- **MATERIALS PROVIDED**
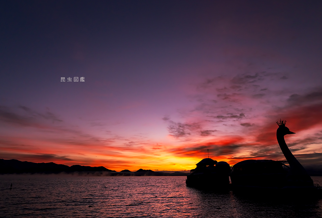 寄り添うカメとはくちょうの夜明けはマイナス8度、冷えました。
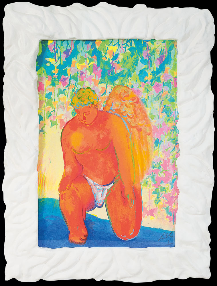 monotipo su cartoncino cm. 98x67 con cornice realizzata dall'artista cm. 128x95, firma in basso a destra, dichiarazione d'autenticità dell'artista su foto.
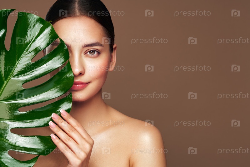 Закройте женское лицо с зеленым экзотическим листом
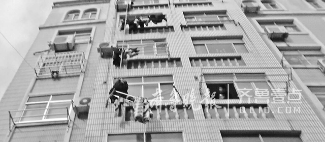 小女孩意外从四楼家中坠下,卡在离地面9米多高的三楼晾衣架上。
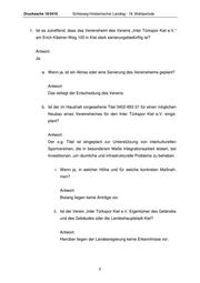 Drucksache 18/5419 Schleswig-Holsteinischer Landtag - 18. Wahlperiode 1. Ist es zutreffend, dass das Vereinsheim des Vereins „Inter Türkspor Kiel e.V.“ am Erich-Kästner-Weg 100 in Kiel stark sanierungsbedürftig ist? Antwort: Ja. a. Wenn ja, ist ein Abriss oder eine Sanierung des Vereinsheims geplant? Antwort: Das obliegt der Entscheidung des Vereins. b. Ist der im Haushalt vorgesehene Titel 0402-893 01 für einen möglichen Neubau eines Vereinsheimes für den Inter Türkspor Kiel e.V. einge- plant? Antwort: Der o.g. Titel ist eingeplant zur Unterstützung von interkulturellen Sportvereinen, die in besonderem Maße Integrationsarbeit leisten, bei Investitionen, um räumliche und infrastrukturelle Probleme zu beheben. i. Wenn ja, in welcher Höhe und für welche konkreten Maßnah- men? Antwort: Bislang liegen keine Anträge vor. ii. Ist der Verein „Inter Türkspor Kiel e.V. Eigentümer des Geländes und des Gebäudes oder die Landeshauptstadt Kiel? Antwort: Hierüber liegen der Landesregierung keine Erkenntnisse vor. 2
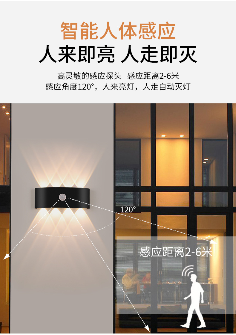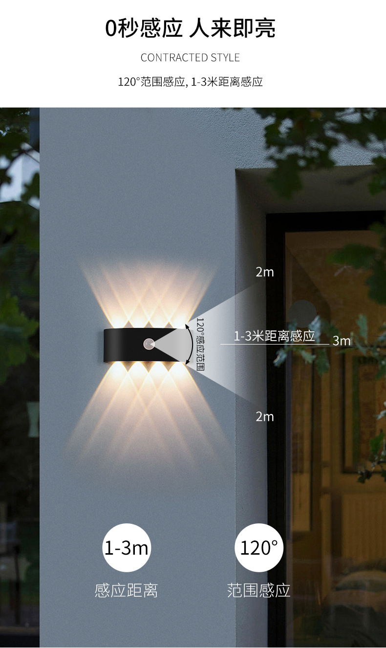 실내 및 실외 보도 램프 방수 벽 램프 유도 램프 인체 발코니 안뜰 외벽 테라스 레이더 유도스토어 가기
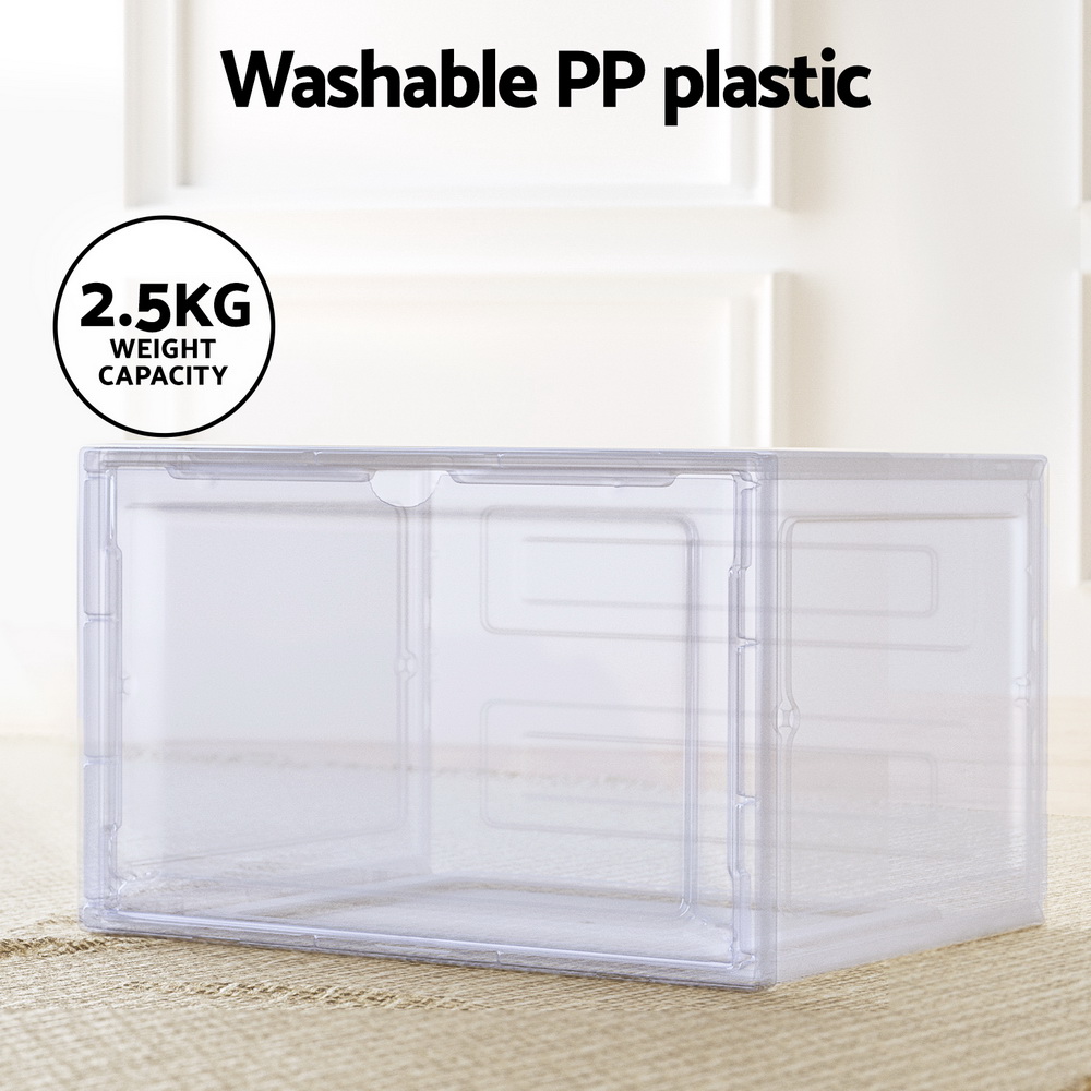 For home shoe storage, you can’t beat the Sade Shoe Storage Boxes from Artiss. With a foldable and stackable design, these shoe boxes are not only space-saving but also incredibly convenient. Made from premium PP plastic, they are durable and can hold up to 2.5kg of weight per box. Each box is easy to clean thanks to its smooth surface. The ventilated hole ensures proper air circulation, keeping your shoes fresh and odour-free. The magnetic flip-out lid allows for easy access to your shoes, while the multifunctional design makes them suitable for various uses. Assembly is a breeze, making these shoe boxes a hassle-free addition to your home. With Sade shoe boxes, you can keep your shoes organized and protected in style.
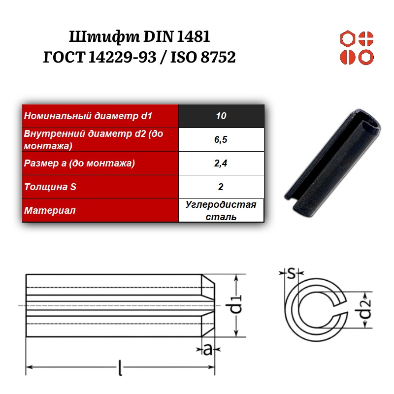 Штифт пружинный DIN 1481 10х22 / ГОСТ 14229-93 / ISO 8752, 500 шт.
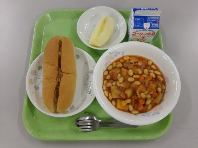 12月8日(月)の給食 公開日 2025/12/08 更新日 2025/12/08 給食献立 今日の献立は【ツナドック ポークビーンズ りんご 牛乳】でした。☆食材の産地☆ 玉ねぎ:北海道 じゃがいも:北海道 セロリー:長野県 豚肉:群馬県 にんじん:千葉県 りんご:岩手県
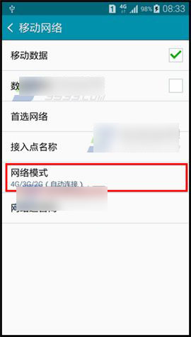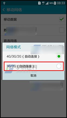 2)点击【网络模式】,选择【3G/2G(自动连接)】即可。(如下图)
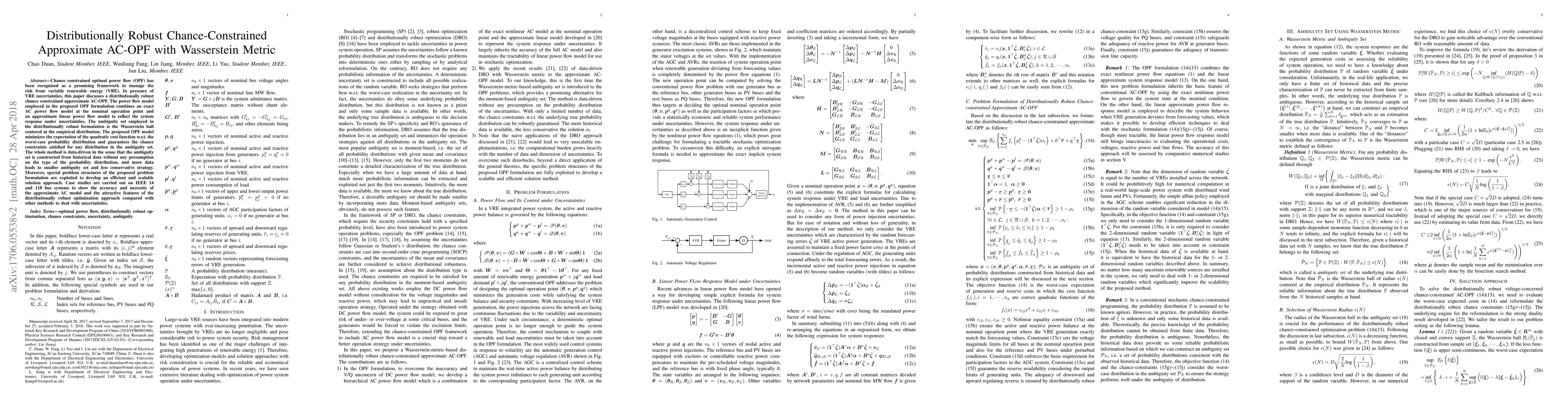 This paper proposes a distributionally robust chance-constrained AC optimal power flow (OPF) model using the Wasserstein metric to manage uncertainties from variable renewable energy. The model combines an exact AC power flow model and an approximate linear model, minimizing the expected quadratic cost while ensuring chance constraints under the worst-case distribution.
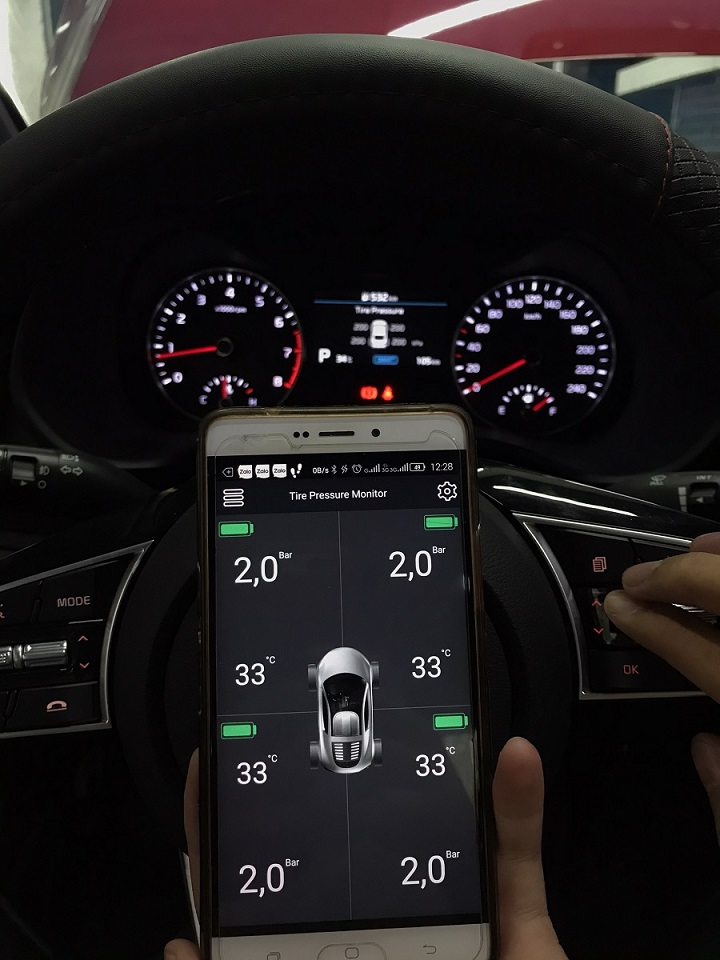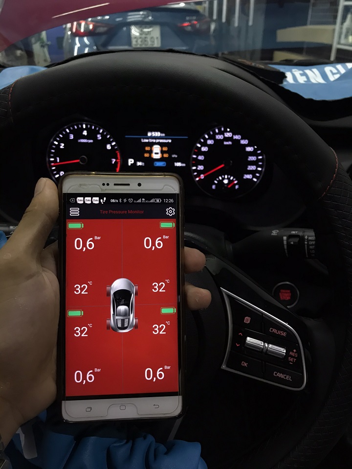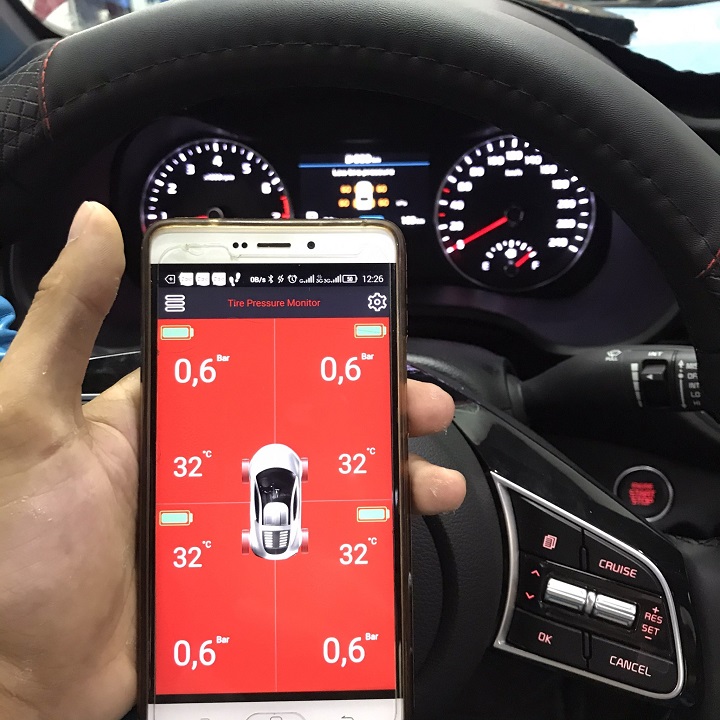 Cảm biến áp suất lốp hiển thị trên điện thoại tải App: Car TPMS
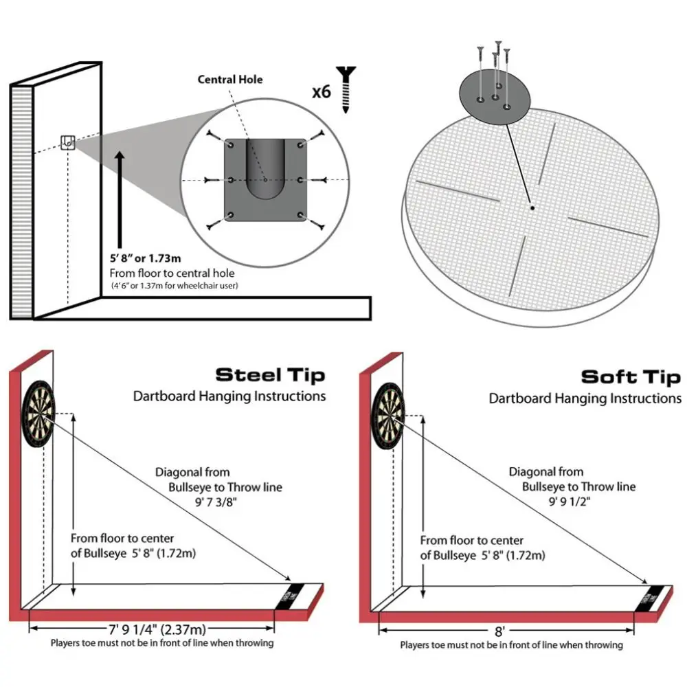 Package includes:1 Set Dartboard Mounting Bracket Kit Elevates your setups with the versatile mounting bracket, a must have addition for any enthusiast seeking convenience and peace of mind.
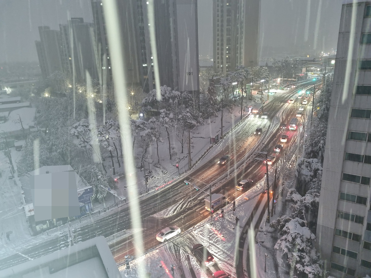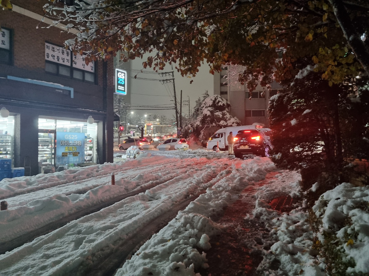 11월, 초겨울 첫눈 치고는 내려도 너무 내리기 시작하는 것이다. 눈 내리는 날씨에 운전은 많이 해보았지만 이렇게 내리는 눈은 흔치 않은 경우다. 차량들이 밀리며 미끄러지기 시작한다. 순간 유턴하는 구간이 나타났다. 잽싸게 미끄러지며 유턴을 시도했고 다행히 성공해서 사고 없이 집에 들어왔다. 집에 들어와 창밖을 보니 정말 내려도 너무 심하게 내리고 있었다. 이상기후라고는 하지만 "얼마나 더 내리겠어" 생각하며 내일 아침 일찍이 창을 맡기고 와서 일과를 시작하기로 마음먹었다.
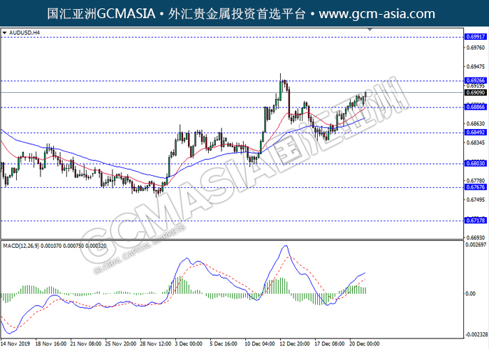 20191223 AUDUSD-午间 by keyk | Dec 23, 2019 | 澳元兑美元 | 0 comments GCMAsia - AUDUSD AUDUSD 2019-12-23 AUDUSD, H4: 澳美突破前期压力,多头排列。MACD动能持续略增,中期继续看多为主。上方关注0.6925压力和0.6990压力,下方关注0.6885支撑和0.6850支撑。
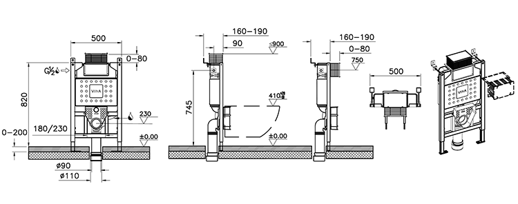 VitrA V-Fix Prime 820mm Frame for Wall Hung Toilets with Dual Flush Cistern
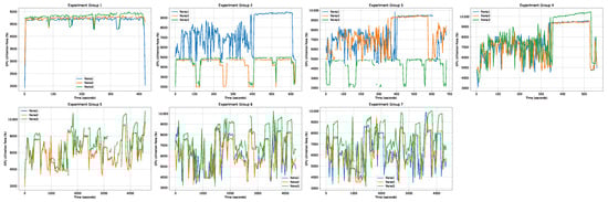For power consumption, as shown in Figure 7, normal Jetson Nano clients running federated learning system training rounds typically consume between 4500 mW and 5000 mW while working. Power consumption can drop to 2000 mW when these clients are running evaluations or waiting for other under-stress clients to finish their training. However, clients under thermal stress tend to consume more than 5000 mW, fluctuating between 5000 and 9000 mW and sometimes reaching 10,000 mW, or even 12,000 mW. From Experiments 4 to 7, we can see that under the same thermal stress, Nano 3 consumes more power than Nano 1 or 2, possibly because Nano 1 and 2 have fans while Nano 3 does not. When both PIs and Nanos are under thermal stress simultaneously, Jetson Nanos, being less affected by thermal stress than PIs, also tend to experience power consumption drops while waiting for the PIs to finish their training rounds.

- **TASK**
Among the entries above, take the lines from the one with "실내 및 실외 보도 램프" through the one with "Cảm biến áp" and retype them exactly, leaving out the pictures.

- **ANSWER FOR THIS EXERCISE**
 실내 및 실외 보도 램프 방수 벽 램프 유도 램프 인체 발코니 안뜰 외벽 테라스 레이더 유도스토어 가기
 For home shoe storage, you can’t beat the Sade Shoe Storage Boxes from Artiss. With a foldable and stackable design, these shoe boxes are not only space-saving but also incredibly convenient. Made from premium PP plastic, they are durable and can hold up to 2.5kg of weight per box. Each box is easy to clean thanks to its smooth surface. The ventilated hole ensures proper air circulation, keeping your shoes fresh and odour-free. The magnetic flip-out lid allows for easy access to your shoes, while the multifunctional design makes them suitable for various uses. Assembly is a breeze, making these shoe boxes a hassle-free addition to your home. With Sade shoe boxes, you can keep your shoes organized and protected in style.
 Штифт пружинный DIN 1481 10х22 / ГОСТ 14229-93 / ISO 8752, 500 шт.
 12月8日(月)の給食 公開日 2025/12/08 更新日 2025/12/08 給食献立 今日の献立は【ツナドック ポークビーンズ りんご 牛乳】でした。☆食材の産地☆ 玉ねぎ:北海道 じゃがいも:北海道 セロリー:長野県 豚肉:群馬県 にんじん:千葉県 りんご:岩手県
 2)点击【网络模式】,选择【3G/2G(自动连接)】即可。(如下图)
 This paper proposes a distributionally robust chance-constrained AC optimal power flow (OPF) model using the Wasserstein metric to manage uncertainties from variable renewable energy. The model combines an exact AC power flow model and an approximate linear model, minimizing the expected quadratic cost while ensuring chance constraints under the worst-case distribution.
 Cảm biến áp suất lốp hiển thị trên điện thoại tải App: Car TPMS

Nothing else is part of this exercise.